The success of Venice’s ambassadors and the strength they brought to the state was not a phenomenon ignored by other powers. Their systematic diplomacy “…was passed on to the states of central Italy…vulnerable to external threats and consequently [they] put an even greater premium than the Venetians upon accurate information and negotiation.” Venice taught other states that diplomacy meant the ability to better size up your opponents, as well as your allies, and subsequently meant smarter decisions about war and trade. The peninsula itself was an ideal place for the use of diplomacy to spread, for as Phillip Bobbitt explains, “[it] was a perfect laboratory for such a new society: the principal political actors spoke a common language; they were physically proximate; none was so powerful as to make diplomacy irrelevant….” The Venetian model brought much prosperity to the Republic, often in an indirect manner, and through the replication undertaken by other governments, the system was able to grow and spread, much to the benefit and prestige of the Venetians themselves as anyone else employing ambassadors.
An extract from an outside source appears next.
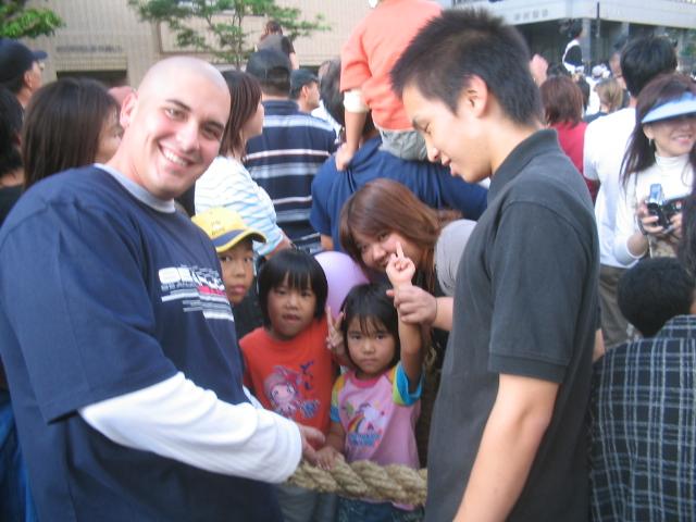 It has some sort of tradition behind it. Something to do with the battle of the samurai's before they were killed off I think. In the opening ceremony, some people dressed up like samurai's meet at the center of the rope and do a little act, and then the gold ball blows off and the tugging begins. You may think it's weird, but it was really cool and a tradition of theirs based off something in their history.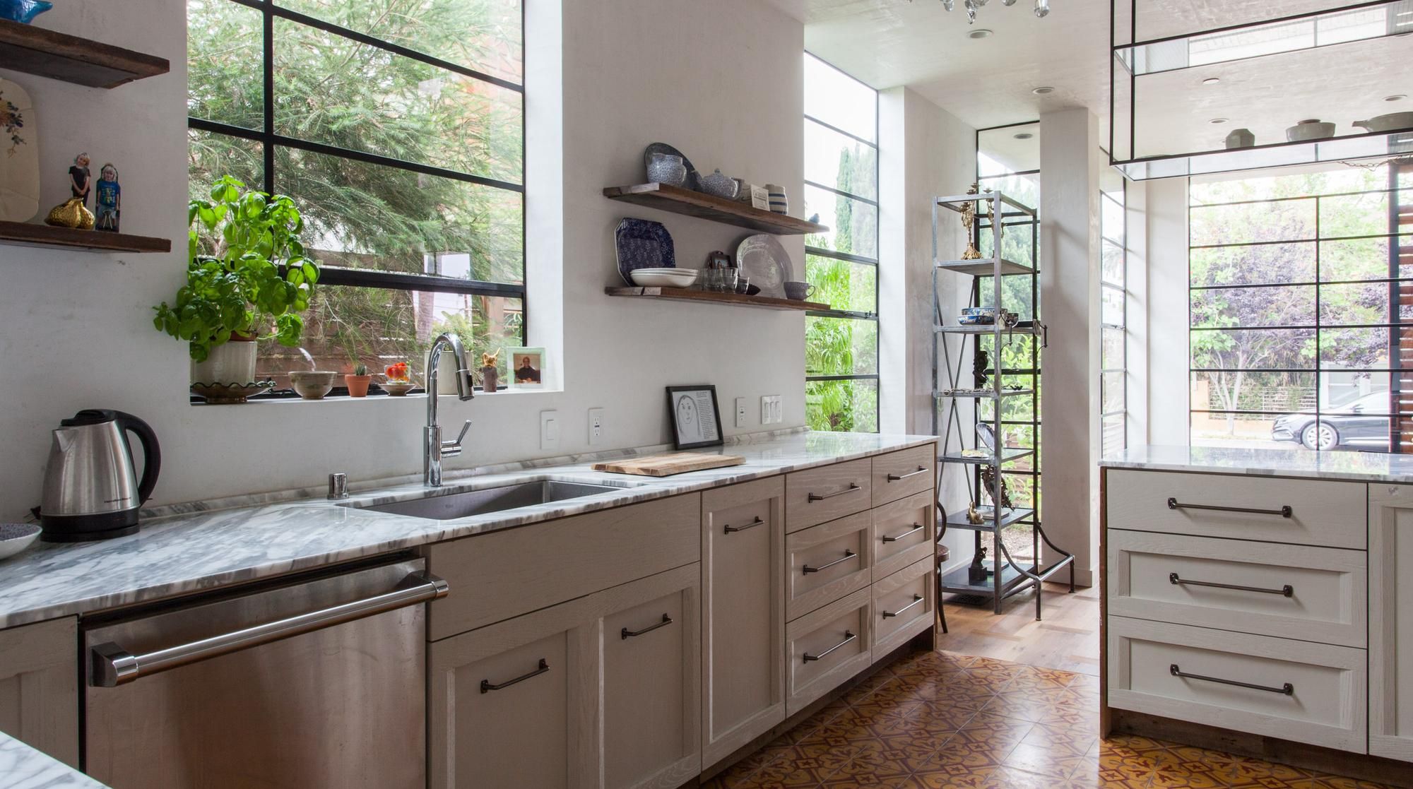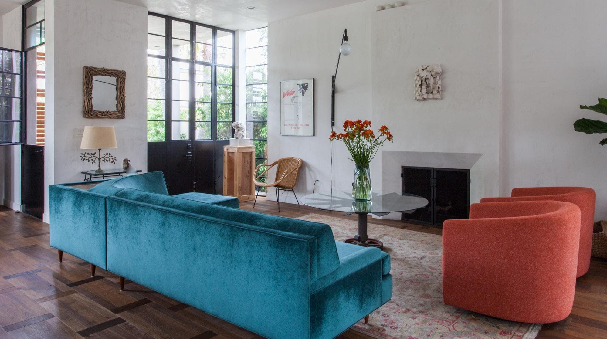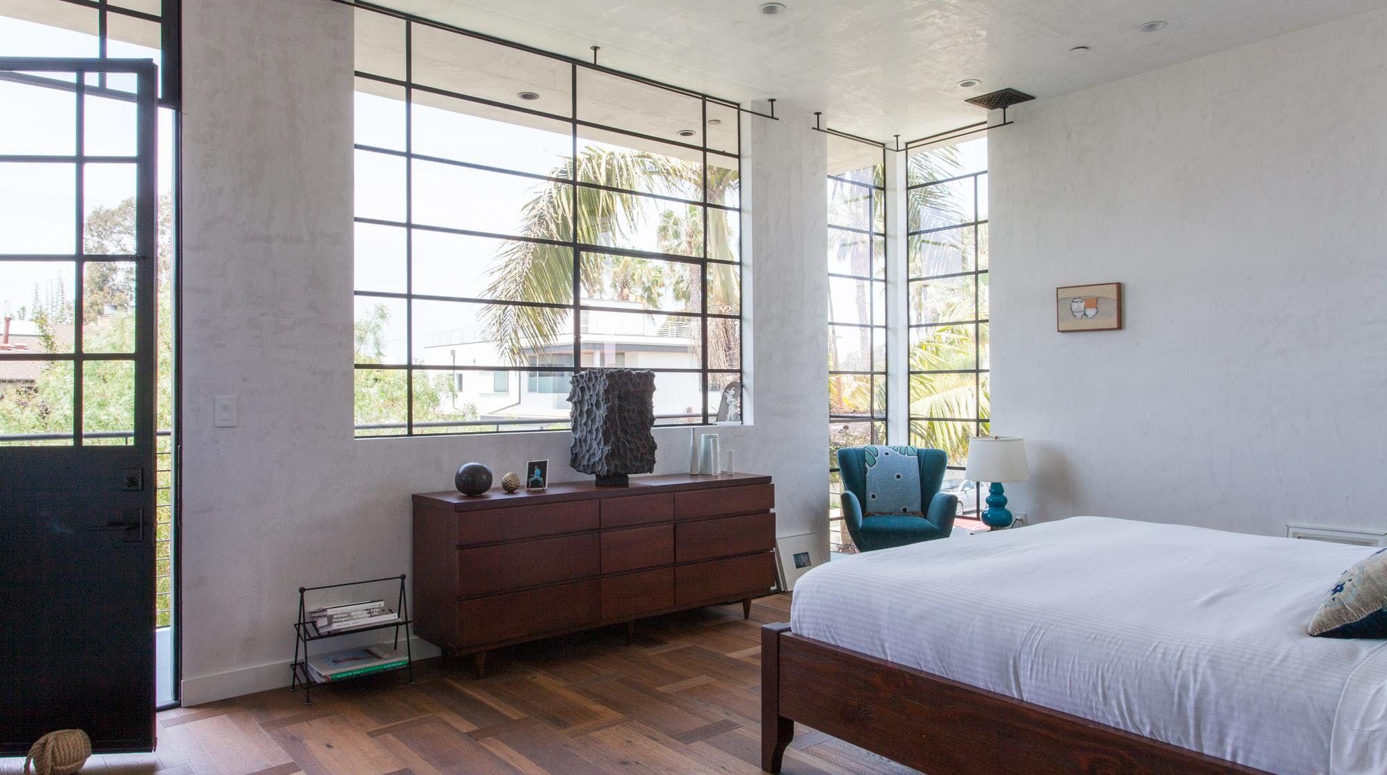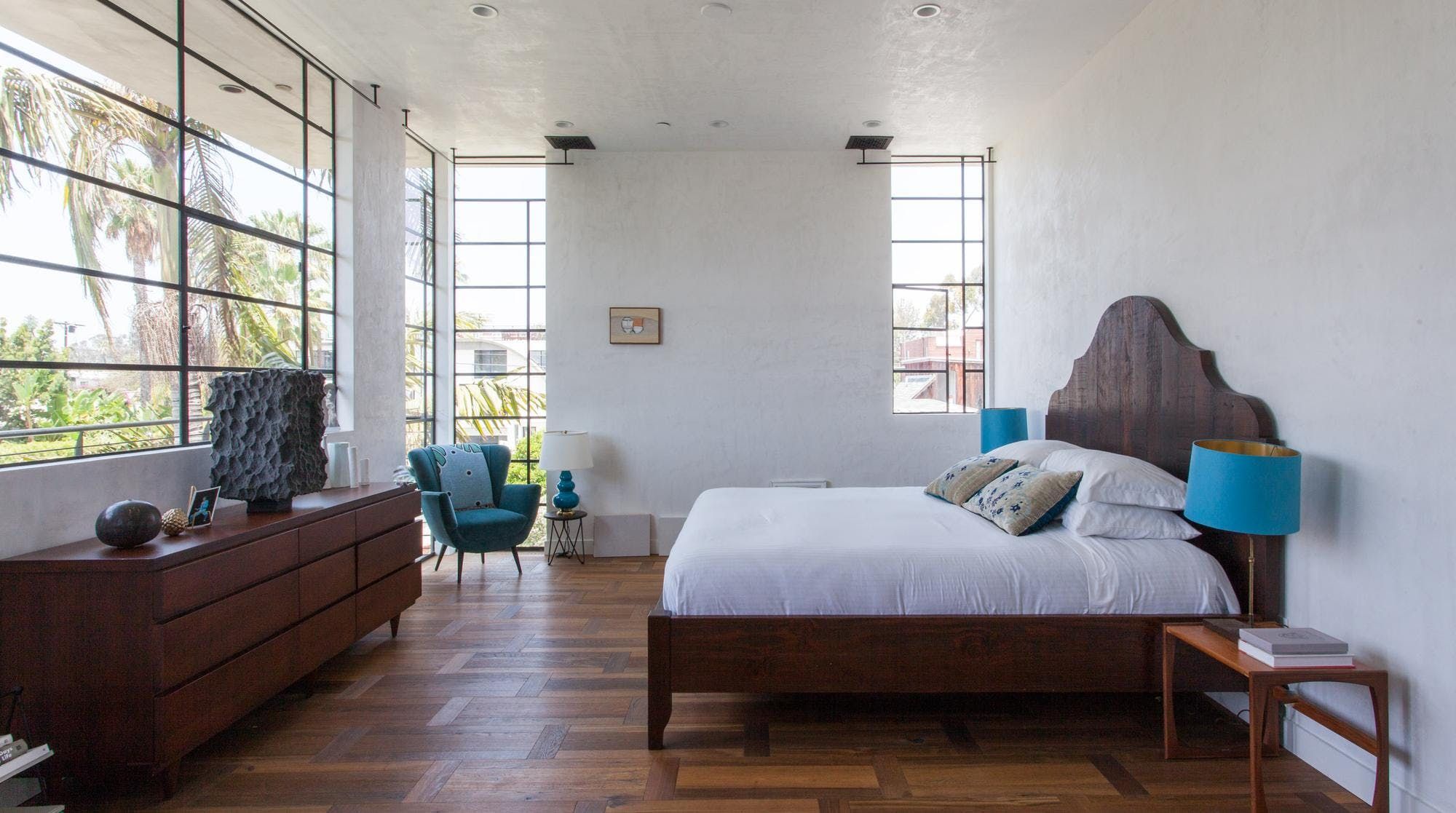 We love this home both for its incredible location and impeccable styling – your oasis will be just a five-minute walk from the canals, eight minutes from the dining and shopping of Abbot Kinney Boulevard and a fifteen-minute walk from the beach. Back at home, start your day with yoga or stretching on the beautifully green rooftop terrace with a view of the neighbourhood. Then head down to the kitchen, fix yourself some breakfast and coffee, ferrying it out to the chic garden to enjoy. Inside, the home has a beautiful modern design to it, with polished concrete walls and large grided windows. The space feels bright and clear-headed at the same time as it’s inviting and cosy – especially with the giant velvet blue velvet in the living area. Peruse the shelves lined with art books, before plopping down onto the sofa for an afternoon read. At the end of the day, comfortable, bright bedrooms await with the promise of restful sleep.

Venice used it to foster peace among her surrounding Italian city-states. After the Peace of Lodi in 1454, Venice, Florence, and Milan signed the Treaty of Venice. These northern Italian city-states were each very powerful, and the diplomatic maneuverings achieved in this document created “…a collective security organization designed to make the status quo of relatively diffused power and equality among the major political units a permanent condition of the system” and it served as “the ground rules for conducting inter-state relations during the remainder of the century.” Both Florence and Milan created permanent missions to foreign states that were comparable to the Venetian diplomatic machine, although not nearly as strong. Because each of these states had effective ambassadors and negotiators, they were able to use this Venetian conception to create mutual assurances of peace between the city-states.
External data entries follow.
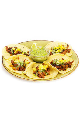 Tacos de Pollo o Vegetarianos con queso y lechuga, con salsa a elegir. Gluten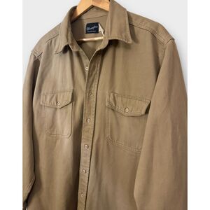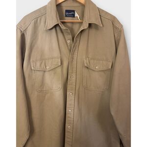 WRANGLER Western Shirt Vintage Mens XL-XXL Tan Canvas Cowboy Cut Rugged Work
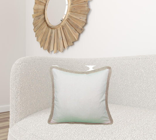 20"x20" Beige and Green Linen Blend Zippered Pillow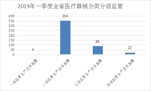 2019年一季度,全省实有医疗器械生产企业1012家。重点监管企业11家,其中,国家重点监管企业22家,省重点监管企业88家。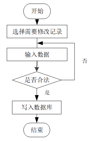 用户首先选择需要修改的记录,输入修改后的数据,系统判断输入数据是否合法。若数据不合法,提示重新输入,若数据合法,则将修改后的数据写入数据库,完成操作后流程结束。修改信息流程图如图3-7所示。
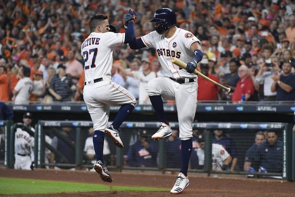 Houston Astros' Jose Altuve celebrates his solo home run against the Boston Red Sox with teammate Carlos Correa during Game 1 of the American League Division Series in Houston, on Oct. 5, 2017.Eric Christian Smith/The Associated Press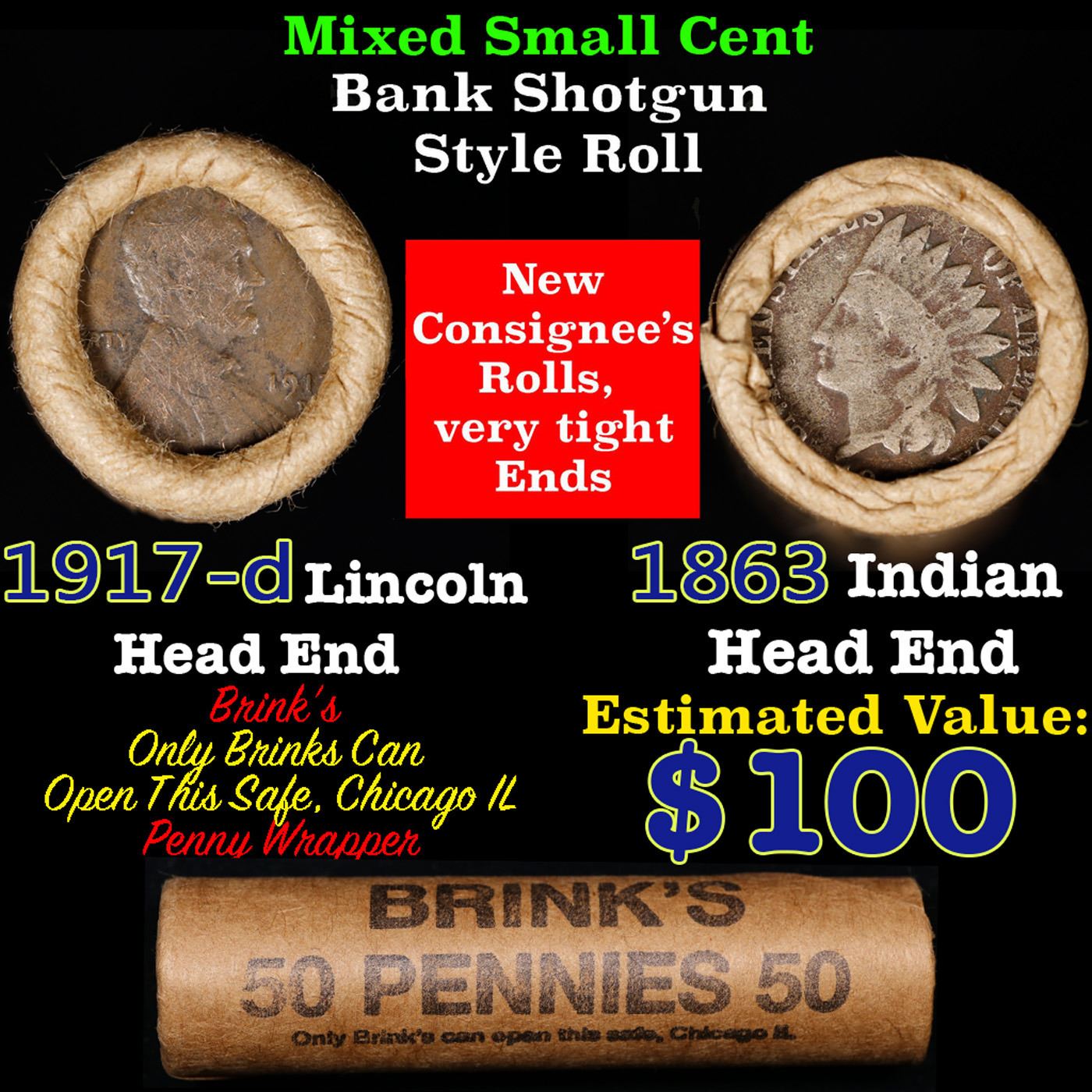 Mixed small cents 1c orig shotgun roll, 1917-d Wheat Cent, 1863 Indian Cent other end, Brinks Wrapper.. The roll is held in an old Rare & Collectable Brinks 'Only Brinks Can Open This Safe, Chicago IL' Penny wrapper. Actual roll pictured is the roll you will get. A great original bank shotgun roll with very tight ends. We have opened a few of these rolls. They seem to be mixed small cents including Indians, Wheats, Steel cents & some Flying Eagles mixed in. These shotgun rolls are all from a new consignee. They are all frrom one Estate.

Sir Robert Peel the Younger once defined diplomacy in general as “the great engine used by civilized society for the purpose of maintaining peace.” The men that governed the Republic of Venice, and ran the diplomatic core it had seen grow over the centuries as an essential political entity, knew the value of its representatives.
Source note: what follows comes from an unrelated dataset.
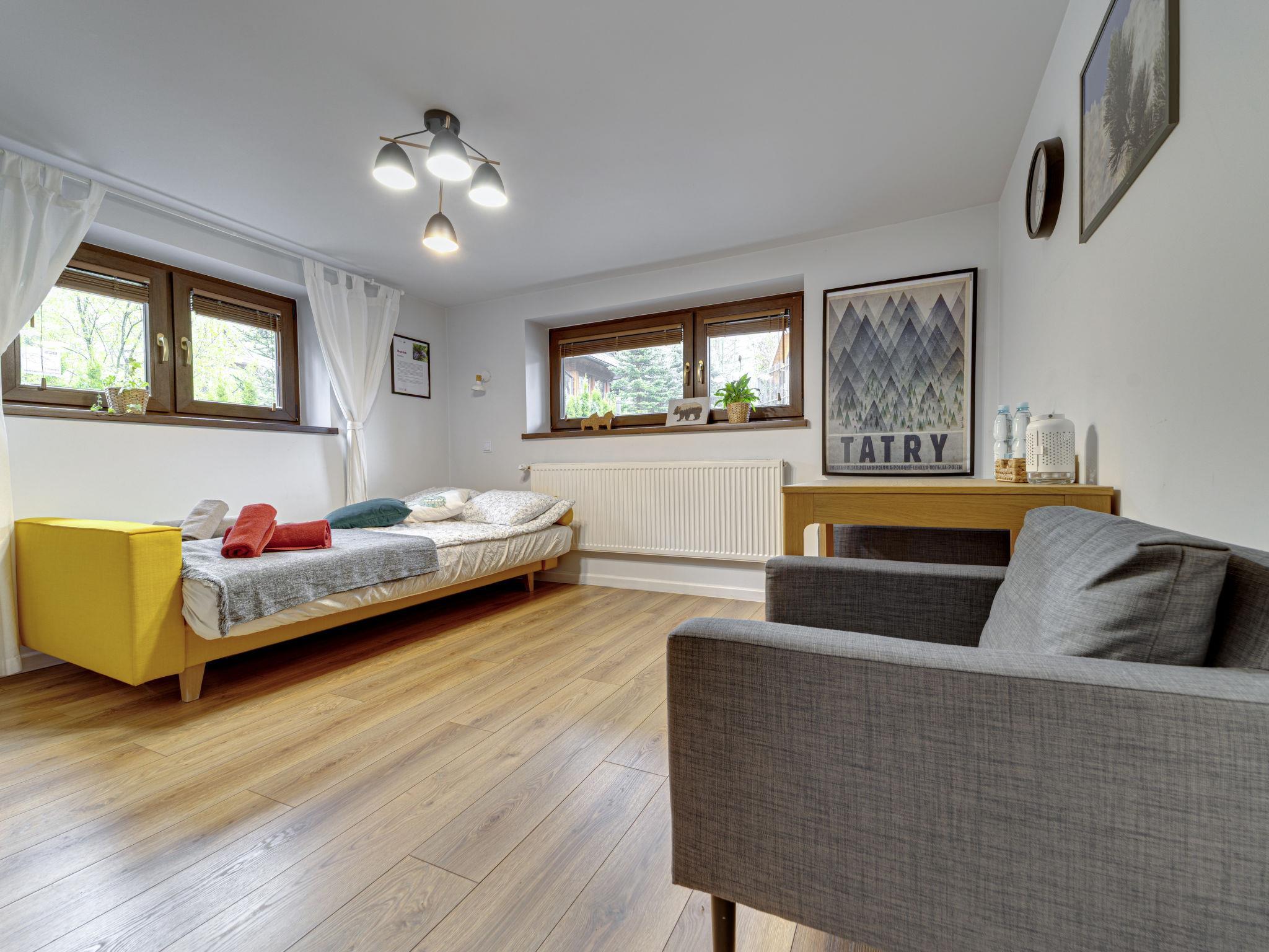 Modern, cosy chalet "Gosciniec Skorusa", 3 storeys, built in 1995, renovated in 2022. In a sunny position, 5500 km from the lake, in the countryside. Private: property 1'300 m2, garden 500 m2. Arbour (15 m2), pergola (15 m2), garden furniture, barbecue, barbecue house, children's playground (swing). In the house: WiFi, central heating system, burglar alarm system, washing machine, tumble dryer, ski boot dryer. Steep motor access. Parking (for 8 cars) at the house. Shop 2 km, grocery 100 m, supermarket 2 km, restaurant 800 m, bus stop 200 m, railway station 8 km, pebble beach 4.5 km, indoor swimming pool 9 km, swimming bay 5.5 km, public bathing area 4.5 km. Tennis 8 km, riding stable 800 m, cable car 9 km, ski lift 4 km, ice rink 9 km. Nearby attractions: Tatra National Park 600 m, Polana Strazyska 4.8 km, Zjezdzalnia grawitacyjna 5 km. Well-known ski regions can easily be reached: Chotarz 2.5 km, Polana Butowy Wierch 4 km, Zakopane 7 km. The cross-country skiing routes of the Koscielisko-Kiry biathlon center are located 20 m from the building, availability of 8 km of ski-in-out routes. The facility may employ staff to maintain the area in summer and refresh it in winter.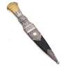 with marks for Edinburgh 1918, maker RWF, also stamped RW Forsyth Ltd, Glasgow & Edinburgh, 8.8cm single fuller blade, the silver mounts cast with Celtic strapwork, with thistle carved cairngorm pommel, contained in a leather scabbard, with matching decoration and central circular plaque, crested

They not only assured the peace, as Peel has stated as their main function, but also provided the way to gage the competitiveness of the surrounding societies in both the political and economic domains. The Republic of Venice was driven by its economic goals and ventures, and needed the information collected by its civil servants abroad to make better business decisions. The model was so successful that other Renaissance powers soon began to pay homage to the idea by copying it, and is still a vital tool that nations wield in international relations on a day-to-day basis.